Assim como se, caso eu me suicidasse, creio que no momento que estivesse no limiar, sentiria, além da óbvia derrota minha para o mundo, que venci, pois de qualquer forma, quaisquer que fossem as novas dificuldades que encontraria no outro lado (se houver outro lado), não seriam dificuldades arquitetadas por ELES. Eu estaria fora do alcance DELES e de suas conspirações. DELES e de seu controle. DELES e de sua falsidade e frieza calculista. Eu estaria além da incompreensão DELES. Da ignorância seletiva da qual ELE às vezes parece se orgulhar.
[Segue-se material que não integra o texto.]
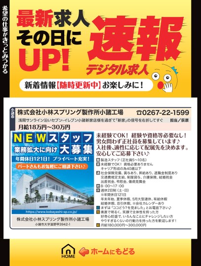 最新求人その日にUP!デジタル求人速報新着情報【随時更新中】お楽しみに!株式会社小林スプリング製作所小諸工場浅間サンライン沿いセブン-イレブン小諸新家店様を過ぎて「新家」の信号を右折してすぐ月給18万円〜30万円☎0267-22-1599担当/荻原希望の仕事がきっとみつかる希望の仕事がきっとみつかる小諸市NEWスタッフ業務拡大に向け大募集年間休日121日!プライベート充実!パートさんもお気軽にご相談下さい♪https://www.kobayashi-sp.co.jp/株式会社小林スプリング製作所小諸工場小諸市大字滋野甲3942-1未経験でOK!経験や資格等必要なし!男女問わず正社員を募集しています♪入社後、適性に応じて配属先を決めます。安心してご応募下さい♪製造スタッフ(正社員5〜10名)未経験でOK!資格必要ありませんキャリア形成の為40歳以下社会保険完備、賞与あり、昇給あり、退職金制度あり交通費規定支給、制服貸与、介護保険、結婚祝金出産祝金、弔慰金、傷病見舞金8:00〜17:00週休2日制(土・日)※年間休日121日年末年始、夏季休暇、5月大型連休、有給休暇結婚休暇、忌引休暇、※会社カレンダーありまずは「ココどう?を見ました」とお電話下さい♪素直で明るく、笑顔で主体性を持った方好奇心旺盛で、いろんなことにチャレンジしたい方やりすぎるくらいの行動力を持った方を歓迎します!月給180,000円〜300,000円
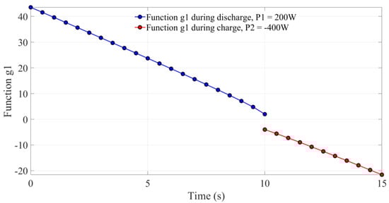 Figure 7 shows the evolution of the variable over time according to Equations (1) and (2). The values of are positive during the discharge, whereas they are negative in the charge.
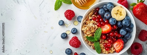 A pristine white table holds a beautifully arranged bowl of granola topped with vibrant red strawberries, blueberries, and raspberries Drizzled with golden honey
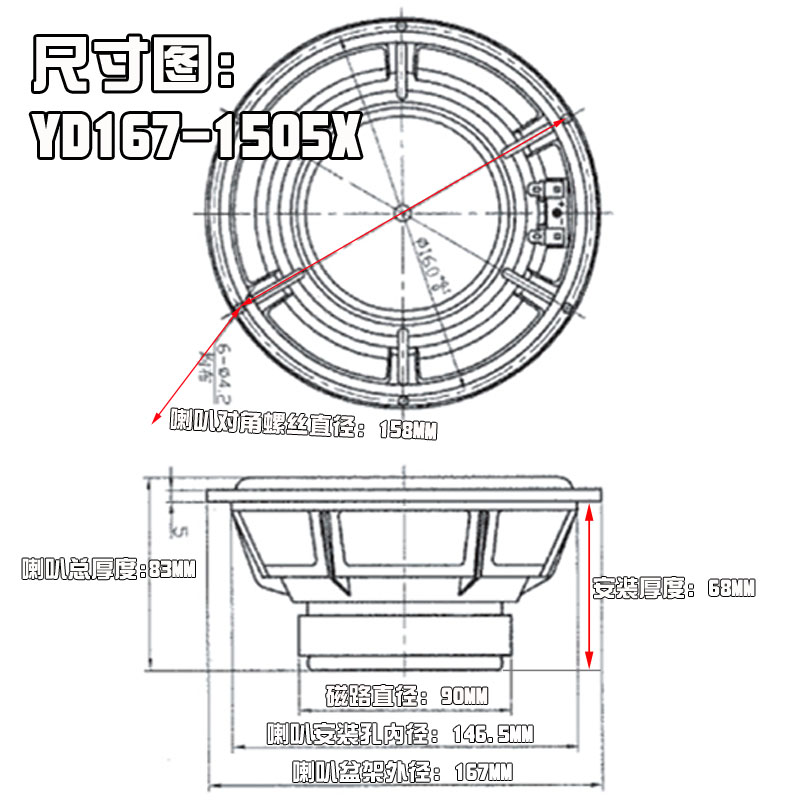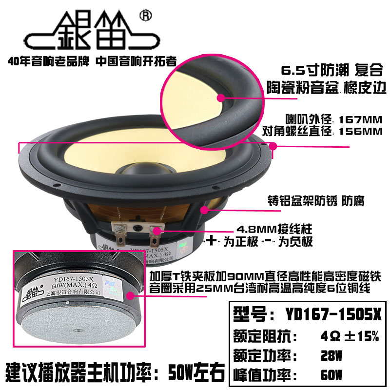 Silver flute car door audio modification 6 5-inch mid-bass new ceramic disc 4 Euro horn YD167-1505XI set
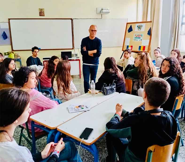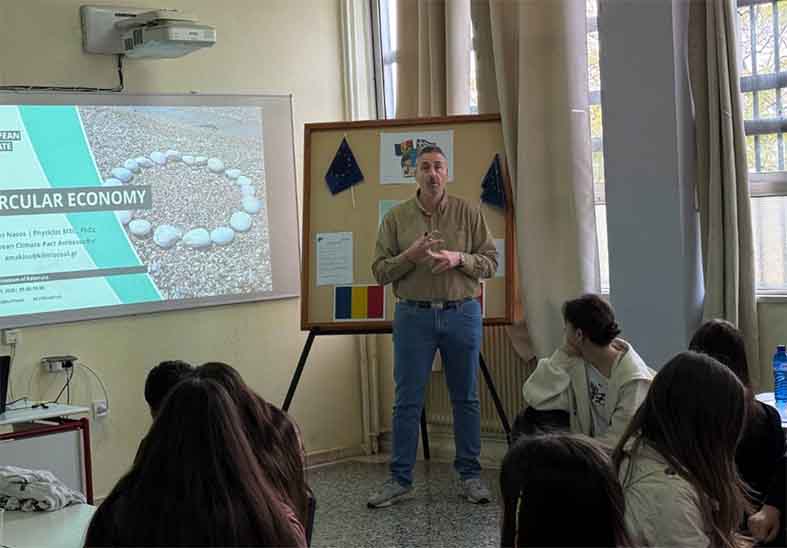 Στην παρουσίαση συμμετείχε, επίσης, ο Νάσος Μάκιος, Πρεσβευτής του Ευρωπαϊκού Συμφώνου για το Κλίμα και μέλος της ομάδας Mission του Δήμου Καλαμάτας, ο οποίος μίλησε στους μαθητές για την έννοια της κυκλικής οικονομίας και τον ρόλο της στη μετάβαση προς ένα βιώσιμο μοντέλο ανάπτυξης. Μέσα από πρακτικά παραδείγματα, εξήγησε πώς οι αρχές της επαναχρησιμοποίησης, της επισκευής, του διαμοιρασμού και της ορθολογικής διαχείρισης των πόρων μπορούν να συμβάλουν ουσιαστικά στην προστασία του περιβάλλοντος και στην ενίσχυση της βιώσιμης ανάπτυξης.
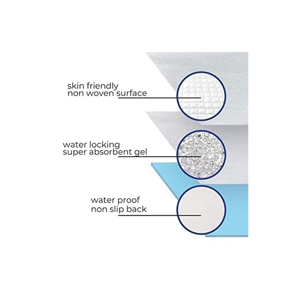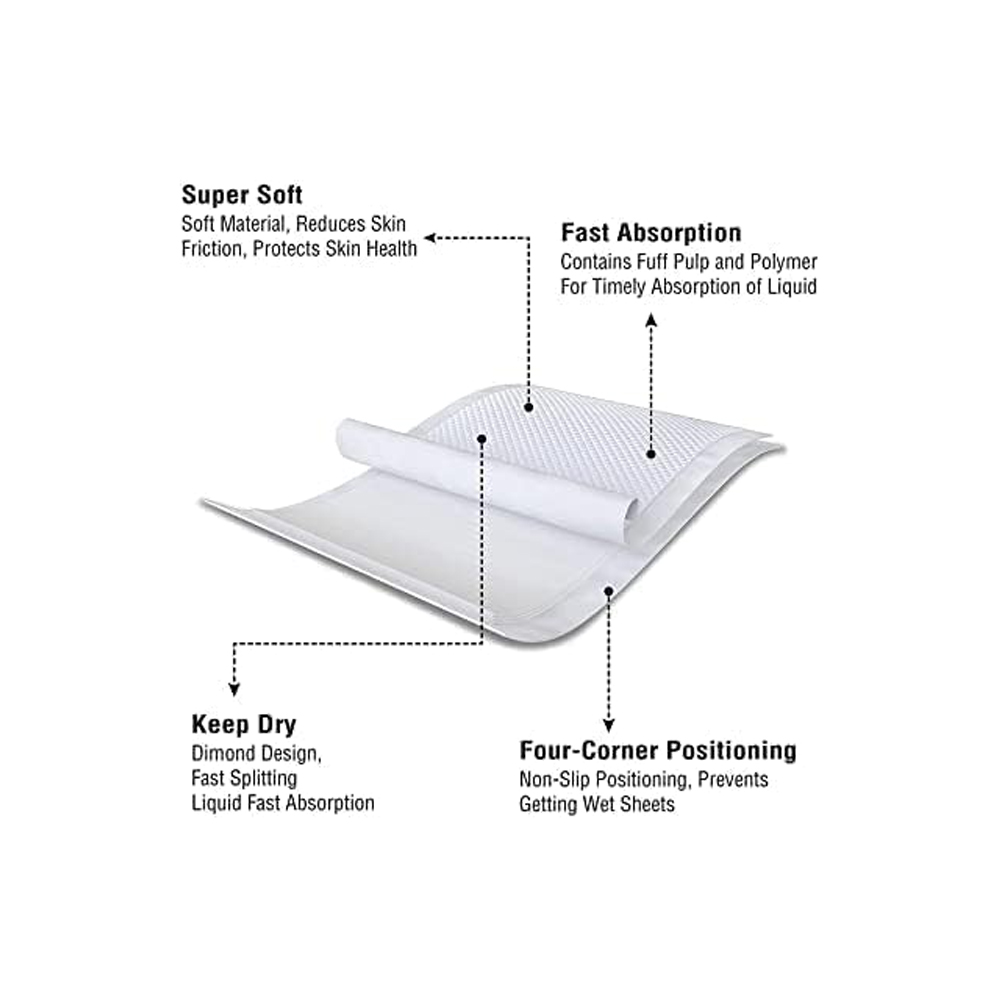 Mammies Disposable Under Pads offer a comfortable and hygienic solution for managing incontinence, medical procedures, or post-surgery care. Designed with a soft, skin-friendly non-woven surface, these pads reduce skin friction and protect skin health, making them ideal for sensitive users. The core is made of a powerful combination of fluff pulp and super absorbent polymer (SAP), which locks in moisture quickly and efficiently, ensuring dryness and comfort. The diamond-shaped embossing promotes fast liquid dispersion, while the waterproof, non-slip backing keeps the pad securely in place and prevents leakage onto surfaces. Each pad measures 60 x 90 cm, providing ample coverage for beds, wheelchairs, or examination tables. With four-corner non-slip positioning and a leak-proof design, Mammies underpads are perfect for hospitals, clinics, homes, or travel use. This pack contains 10 single-use pads that combine durability, superior absorption, and comfort to deliver peace of mind and cleanliness in any setting.
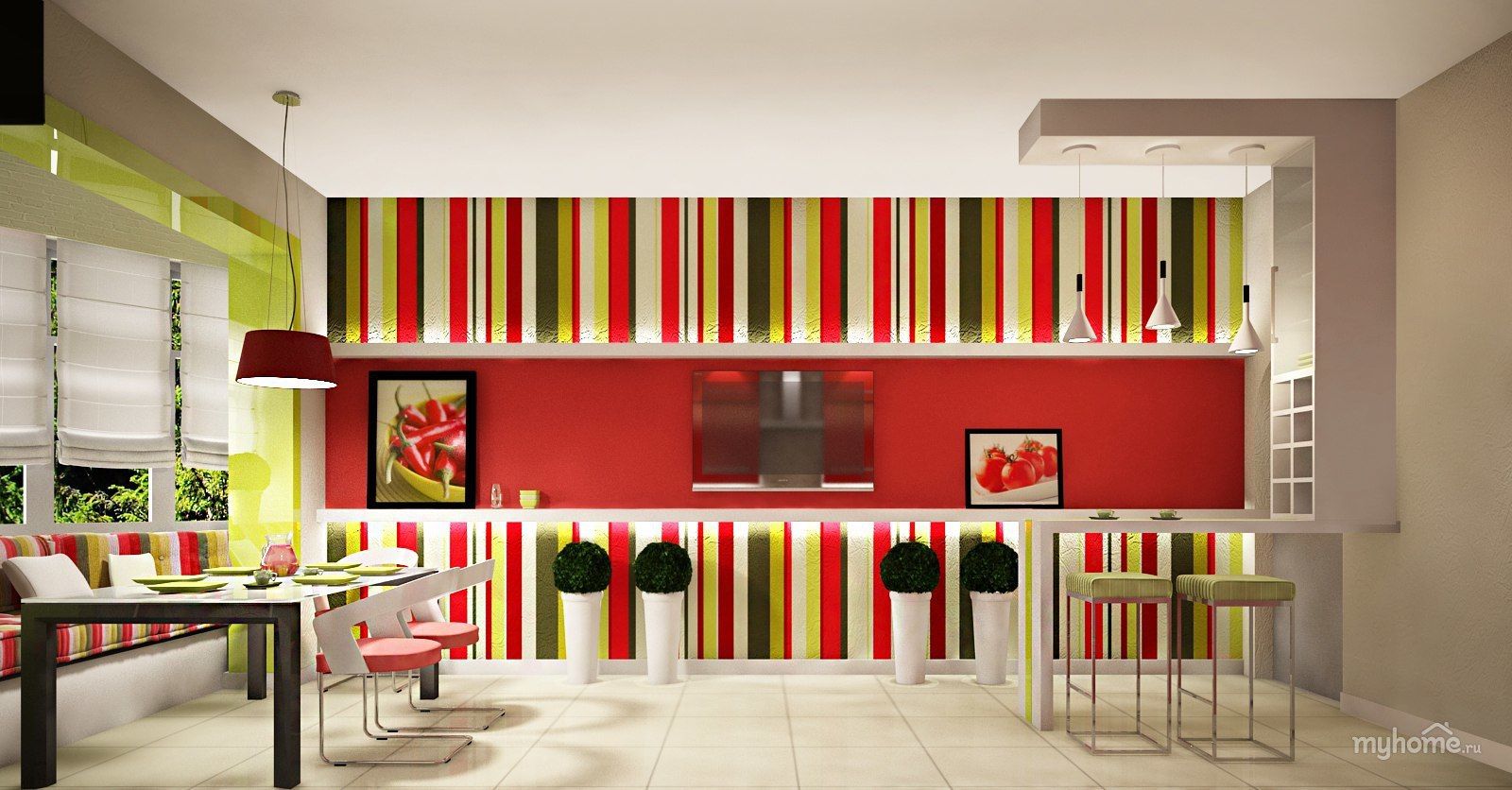 фото идеи для стен. Полосатые идеи для кухни Полосатые обои на кухне
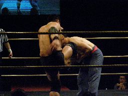 趙雲ロープに振る、矢郷切り返してかわづ落とし(右写真)。ターンバックルに背中から2度叩きつける、高木にタッチ。5分経過。
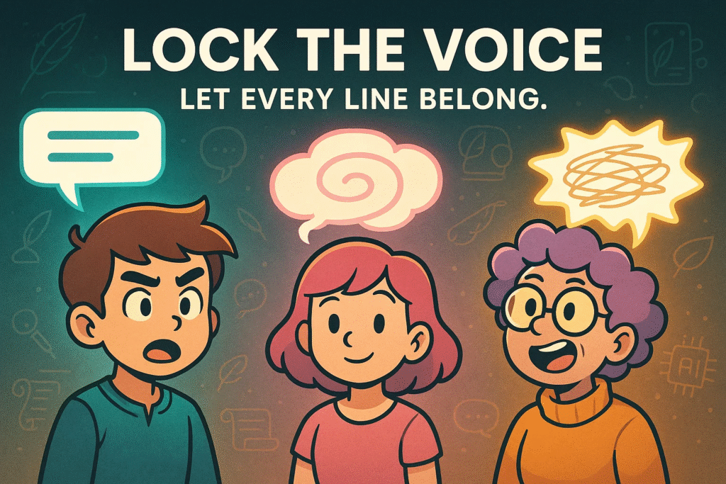 Keep a tiny voice card for each major role. Three traits. Three patterns. One banned habit. Use the card in your prompt. You will create natural rhythm fast and keep it over time.
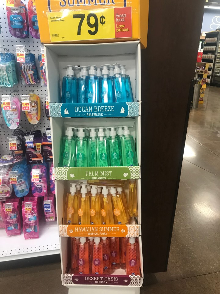 -Recently I gave up my Bath and Body habit. I was spending way too much for candles I didn’t need when I already had several and the soaps are really expensive even when you do their deals. These are my Kroger’s spring scents. I bought 4 for the price of one B and B soap.
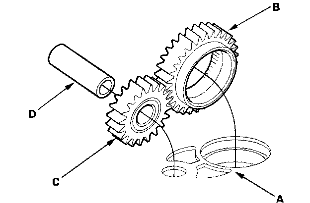 1. Install the main separator plate (A) and three dowel pins on the torque converter housing. Then install the ATF pump drive gear (B), driven gear (C), and ATF pump driven gear shaft (D). Install the ATF pump driven gear with its grooved and chamfered side facing down.
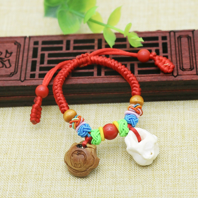 Ручная ткань красная нить персиковой древесный браслет младенца детские аксессуары король браслет узел узел
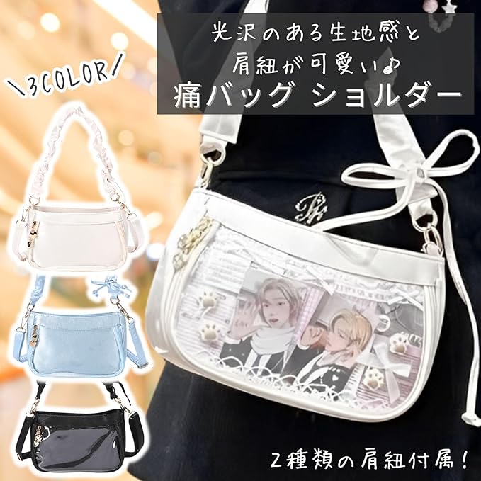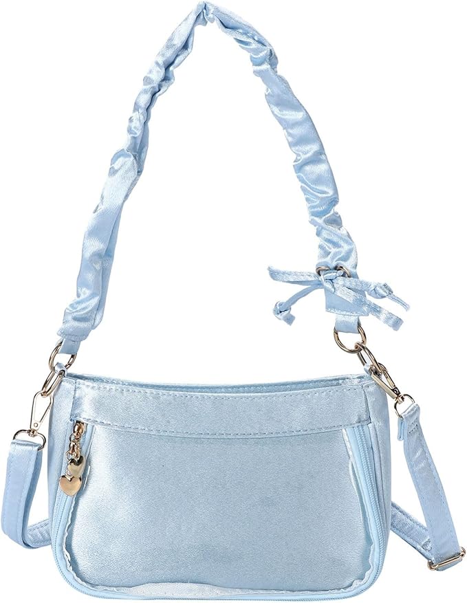 [ハルジオ] 痛バッグ 痛バ ショルダー 小さめ 推し活バッグ ミニ 痛バック ショルダーバッグ サテン ギャザー いたバック 推し活 オタ活 推し バッグ バック 可愛い 人気 いたばっぐ いたばっく いたば 黒 白 水色
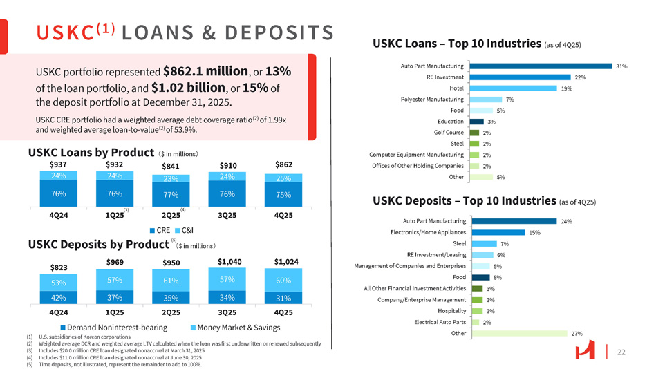 USKC ( 1 ) LOANS & DEPOSITS USKC portfolio represented $862.1 million , or 13% of the loan portfolio, and $1.02 billion , or 15% of the deposit portfolio at December 31, 2025. USKC CRE portfolio had a weighted average debt coverage ratio (2) of 1.99x and weighted average loan - to - value (2) of 53.9%. USKC Loans – Top 10 Industries (as of 4Q25) 31% 22% 19% 7% 5% 3% 2% 2% 2% 2% 5% Auto Part Manufacturing RE Investment Hotel Polyester Manufacturing Food Education Golf Course Steel Computer Equipment Manufacturing Offices of Other Holding Companies Other 24% 15% 7% 6% Auto Part Manufacturing Electronics/Home Appliances Steel RE Investment/Leasing 5% Management of Companies and Enterprises 5% Food 3% All Other Financial Investment Activities 3% Company/Enterprise Management 3% Hospitality 2% Electrical Auto Parts 27% Other 22 USKC Deposits – Top 10 Industries (as of 4Q25) $937 24% 76% $932 24% 76% $841 23% 77% $910 24% 76% $862 25% 75% 4Q24 1Q25 3Q25 4Q25 USKC Loans by Product 㸦 $ in millions 㸧 USKC Deposits by Product 㸦 $ in millions 㸧 $1,024 $1,040 $950 $823 $969 60% 31% 57% 34% 61% 35% 53% 57% 42% 37% 4Q25 3Q25 2Q25 4Q24 1Q25 Demand Noninterest - bearing Money Market & Savings (1) U.S. subsidiaries of Korean corporations (2) Weighted average DCR and weighted average LTV calculated when the loan was first underwritten or renewed subsequently (3) Includes $20.0 million CRE loan designated nonaccrual at March 31, 2025 (4) Includes $11.0 million CRE loan designated nonaccrual at June 30, 2025 (5) Time deposits, not illustrated, represent the remainder to add to 100%. (5) (3) (4) 2Q25 CRE C&I

E isso tudo é para TI e para todos que te ajudam no teu plano absurdo, pelo fato de dependerem de TI (assim como eu), mesmo que não concordem com tua visão distorcida da minha doença e da realidade da qual ela faz parte. Por esse motivo visto o mesmo figurino que tu nessa encenação da qual fazemos parte em nossa família. Visto a falsidade e a frieza, mesmo que não consiga ser tão calculista quanto seria o necessário para não me machucar.

Então me corto e deixo claro: É para ti que faço isso. Para TE sinalizar. Para TU saber que caso um dia eu morra por minhas próprias mãos, houve 3 culpados. Minha doença, eu mesmo e por último, mas não menos importante TU. É muito difícil para mim, dizer que TE amo. Mas eu amo. Porém, por tudo que TU já fez até hoje na minha vida, nesse “tudo” que em muitos momentos foram tipos de mutilações, TE odeio com a mesma intensidade. TU disse que eu devia procurar temas mais iluminados para meus trabalhos de pintura, mas a verdade é que para cada mutilação que houve desde que me entendo por gente, houve também sangramentos, hemorragias internas em mim. Sangue que nunca saiu. Sangue que secou e transformou-se em sombras que habitam o âmago de meu ser. Quando sangro, meu sangue é negro. Como a tinta que eu costumo usar em minhas obras.

Me cortei, mas superficialmente. Nada preocupante. Meus únicos medos (desejos?) é de morrer de tétano, ou de cortar fundo demais, ou no lugar “errado”. Mas há certos medos que consigo superar, esse é um deles. Viu, apesar de tudo, TU também me inspira vencer meus medos, viu, amado, PAI?